Exercise test predicts heart events in high risk asymptomatic men

09/27/04

DALLAS, Sept. 28 Among men without heart disease but who have significant cardiac risk factors, a poor performance on an exercise treadmill test is associated with more than doubling of the risk for a heart attack or other coronary heart disease event, according to a report in Circulation: Journal of the American Heart Association.

Exercise treadmill testing is not generally recommended as routine screening for people with no history or symptoms of heart disease. This is the first study to evaluate exercise testing among asymptomatic people relative to their predicted coronary heart disease (CHD) risk using the Framingham risk score.

The Framingham Risk Score assigns point values to risk factors such as high blood pressure, total cholesterol, HDL cholesterol, age, diabetes and smoking history to predict the risk of an event such as chest pain, heart attack or coronary death over a 10-year period. A risk score of 9 percent or less is considered low risk, 10 percent to 19 percent is considered intermediate risk, while a score of more than 20 percent, meaning that the person has a one in five chance of an event in 10 years, is classified as high risk.

"Our results suggest that exercise testing may be of benefit in asymptomatic men with intermediate to high risk," said Gary J. Balady, M.D., a professor of medicine at Boston University School of Medicine and an investigator with the Framingham Heart Study.

He and colleagues found that a change in electrocardiogram (ECG) tracing called ST-segment depression or failure to reach target heart rate during exercise testing more than doubled the 10-year risk of coronary event in men with high Framingham risk, compared to those who did not have these findings on the stress test.

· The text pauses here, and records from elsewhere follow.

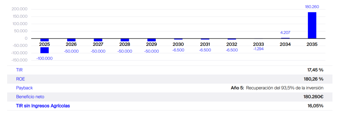 Para inversores particulares, la inversión cuenta con incentivo fiscal del 50% y TIR estimada del 17,45%. Además, la inversión cuenta con dos opciones de recompra obligatoria por parte del promotor, quienes en caso de incumplimiento deberán pagar una penalización del 12% anual en forma de acciones de la compañía, garantizando así la seguridad y liquidez del capital invertido.
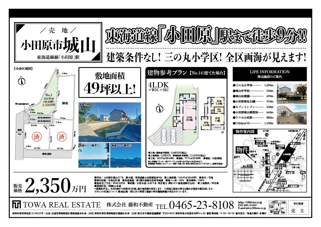 No.1区画 2,350万円 163.97㎡(49.60坪) 東海道線「小田原」駅から徒歩9分
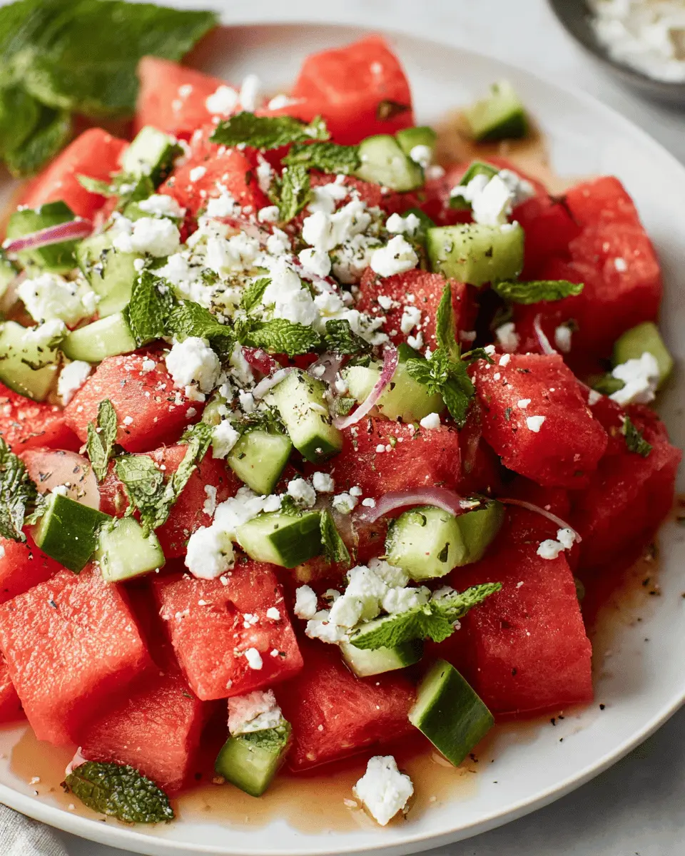 In conclusion, this watermelon salad with feta is the perfect blend of sweet and savory, ideal for summer gatherings or a refreshing weeknight dinner. Its vibrant colors and delightful textures offer a feast for the senses. Enjoy experimenting with flavors, and share your unique creations with friends!
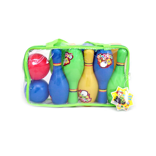 This is a bowling set packaged in a clear bag with handles. The colorful appearance appeals to little children instantly. This set is also adorned with colorful patterns for added cuteness.
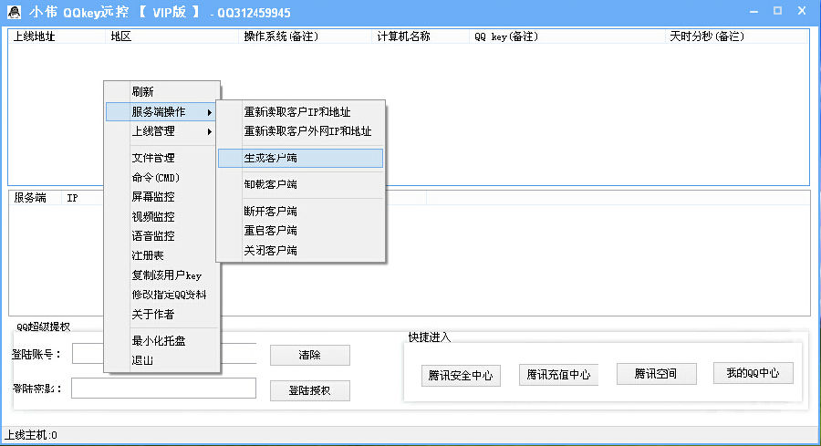 下载解压后,运行该软件,可以生成客户端给需要被远控的电脑使用
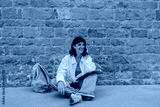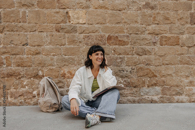 Caucasian smiling woman sitting on the floor with backpack and notebook. Wearing casual clothes, looking away, touching hair. Lifestyle concept
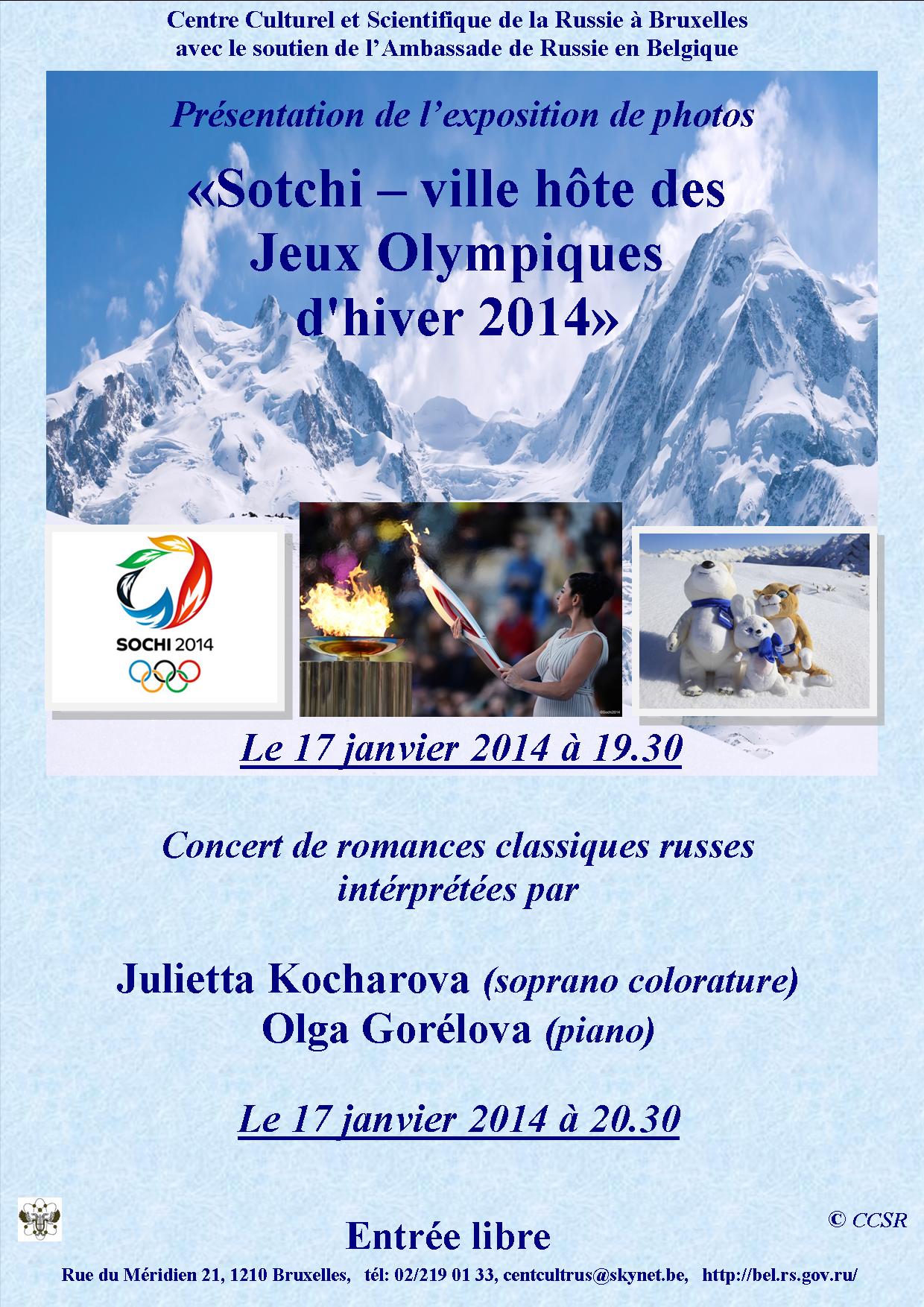 le vendredi 31 janvier 2014 Презентация выставки - 19,00 (Концерт - 19,30) / Ouverture de l'exposition - 19.00 (Concert - 19.30)

But increased exercise capacity predicted lower CHD risk in the high-risk men.

"Greater exercise tolerance as measured in metabolic equivalents (METS) had a lower 10 year event rate," he said. Each MET increase, which is a multiple of the resting metabolic rate, was associated with a 13 percent decrease in risk of coronary event.

The study did not provide evidence to support exercise testing for asymptomatic women because the event rate in women was too low to suggest any significant correlations between the exercise results and future events, he said.

All study participants were asymptomatic at baseline. The study included 1,431 male and 1,612 female Framingham Heart Study participants. Their average age at baseline was 45 and the participants were followed for more than 18 years.

During follow-up, 224 men (15.7 percent) developed a coronary event such as chest pain, heart attack or died from CHD.

Balady said that high-risk men who have ST-segment depression or fail to achieve target heart rate on the exercise treadmill test "should get maximum risk reduction. That means aggressive blood pressure and lipid control, and of course, we want everyone to stop smoking." Also, among these patients it would be prudent to consider additional diagnostic tests to determine the extent of disease, which may include imaging stress tests or invasive procedures such as angiography to assess the condition of arteries and locate any blocked or narrowed vessels.

However, he said it is important to note that this study did not find that exercise testing provided additional prognostic information in those with 10-year-CHD risk less than 10 percent. The authors conclude that clinicians should consider the global cardiac risk, using the Framingham Risk Score, prior to ordering an exercise tolerance test in asymptomatic men without known heart disease.